Novel 1,3-benzoxazine monomers with ortho -imide and benzocyclobutene functionalities, o HPNI-abcb and o PP-abcb, have been successfully synthesized via Mannich condensation using ortho -imide phenols, 4-aminobenzocyclobutene and paraformaldehyde as starting materials. The chemical structures of synthesized monomers have been confirmed by nuclear magnetic resonance (NMR) spectroscopy, Fourier transform infrared spectroscopy (FT-IR) and elemental analysis . The structural characterization indicates the presence of isomerism in o HPNI-abcb while no such mechanism can be observed in o PP-abcb. The polymerization behaviors of o HPNI-abcb and o PP-abcb have also been systematically studied using differential scanning calorimetry analysis (DSC) and in situ FT-IR. DSC thermograms show three and two separated exothermic peaks for o HPNI-abcb and o PP-abcb, respectively. The difference in exotherms clearly indicates different polymerization mechanisms are involved in the polymerization process of each benzoxazine . Combined with the variations of characteristic bands during curing process in FT-IR spectra, differentiated multiple polymerization mechanisms rather than a single polymerization mechanism as traditional 1,3-benzoxazine resins have been proposed for both benzocyclobutene-containing benzoxazines.
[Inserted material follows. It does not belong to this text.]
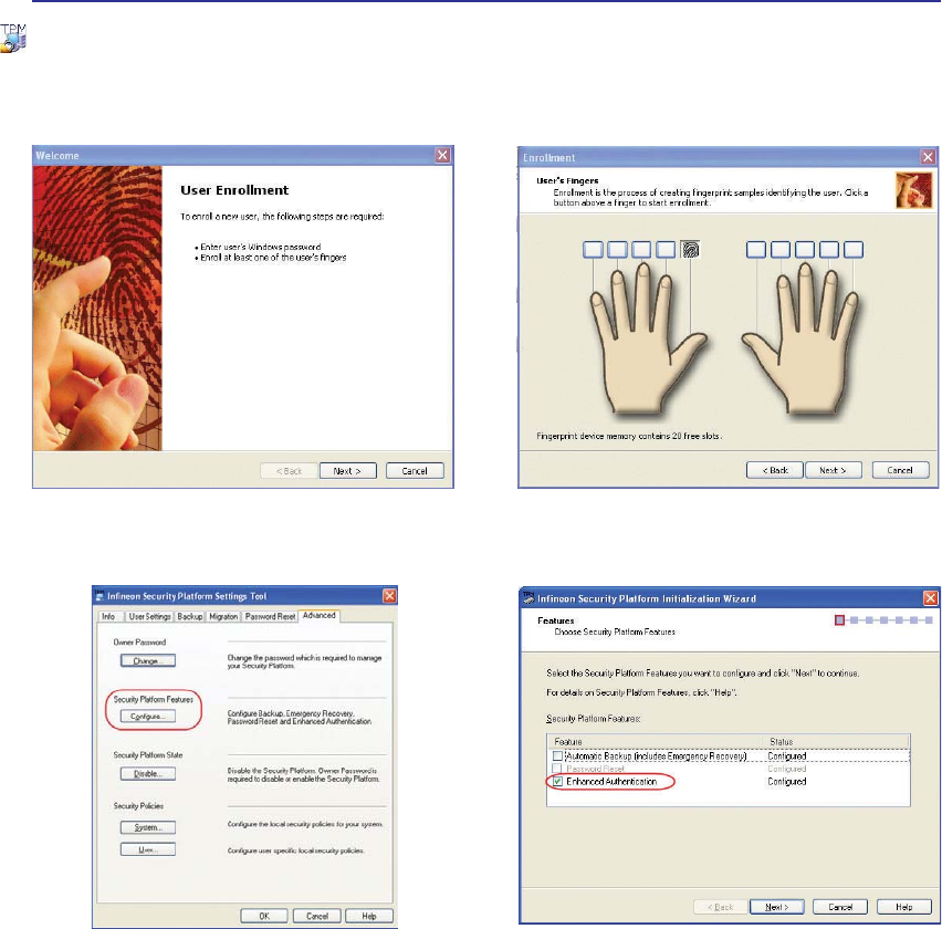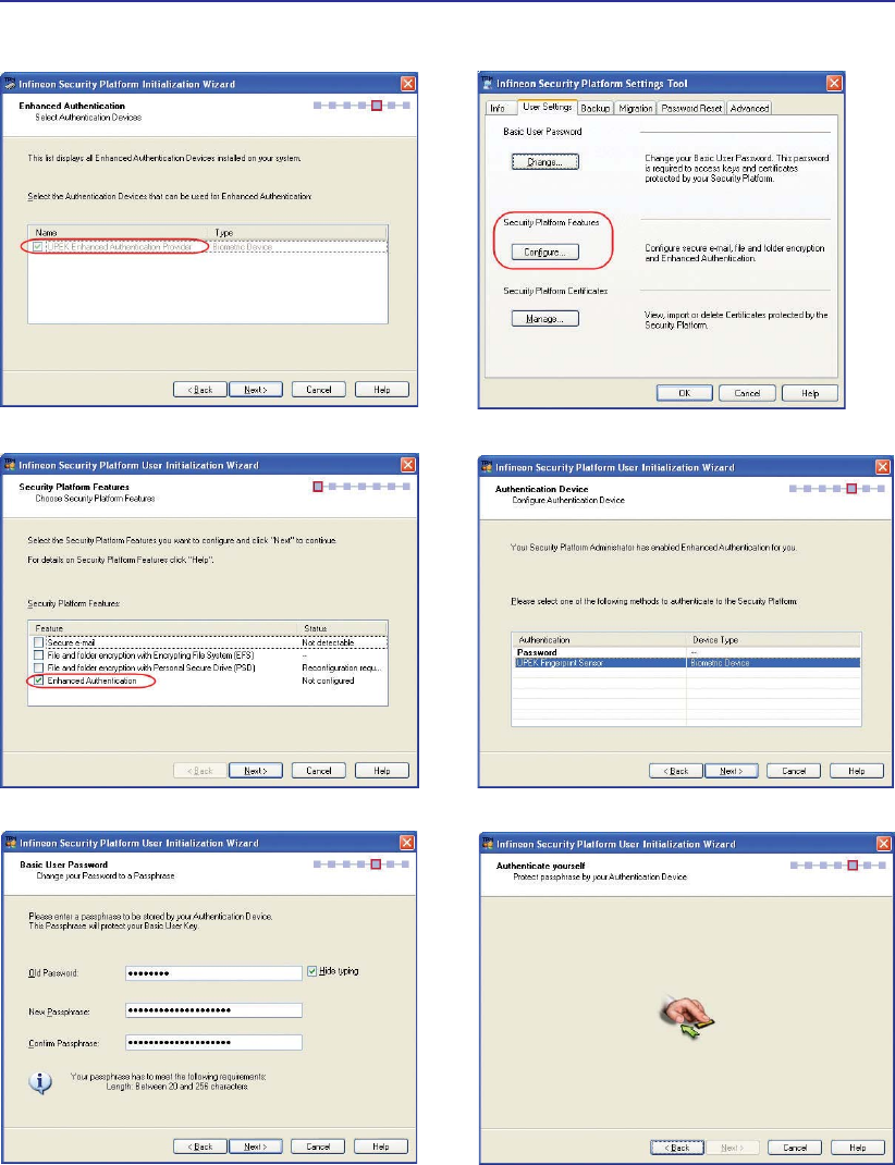 7. Check the Enhanced Authentication and Next. 8. Select the UPEK Fingerprint Sensor and Next.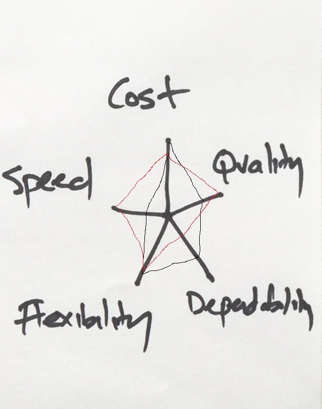 Then the performance objectives of cost, quality, dependability, flexibility and speed are then determined for each service. Again, these are likely to need explanation. Using a polar vector diagram, as shown, allows examples to be illustrated from current services. The intention is to show the comparative importance of each objective by drawing lines from each arm of the diagram to make a ‘kite’ shape, with lines starting furthest from the origin for more important objectives and closer for less importance.

Moreover, thermal gravimetric analyzer (TGA) and the microscale combustion calorimetry (MCC) are used to evaluate the thermal stability and flammability of their corresponding thermosets . Notably, the resulting thermoset derived from o HPNI-abcb shows excellent thermal stability with T d5 of 405 °C and T d10 of 448 °C, while the thermoset based on o PP-abcb exhibits YC 800 value greater than 60%. Furthermore, both thermosets also possess outstanding flame retardancy in the absence of any antiflammable additives with heat release rate values of 23.5 and 22.1 J/(gK) for poly( o PP-abcb) and poly( o HPNI-abcb), respectively, evidencing their great potential application in high-performance fields.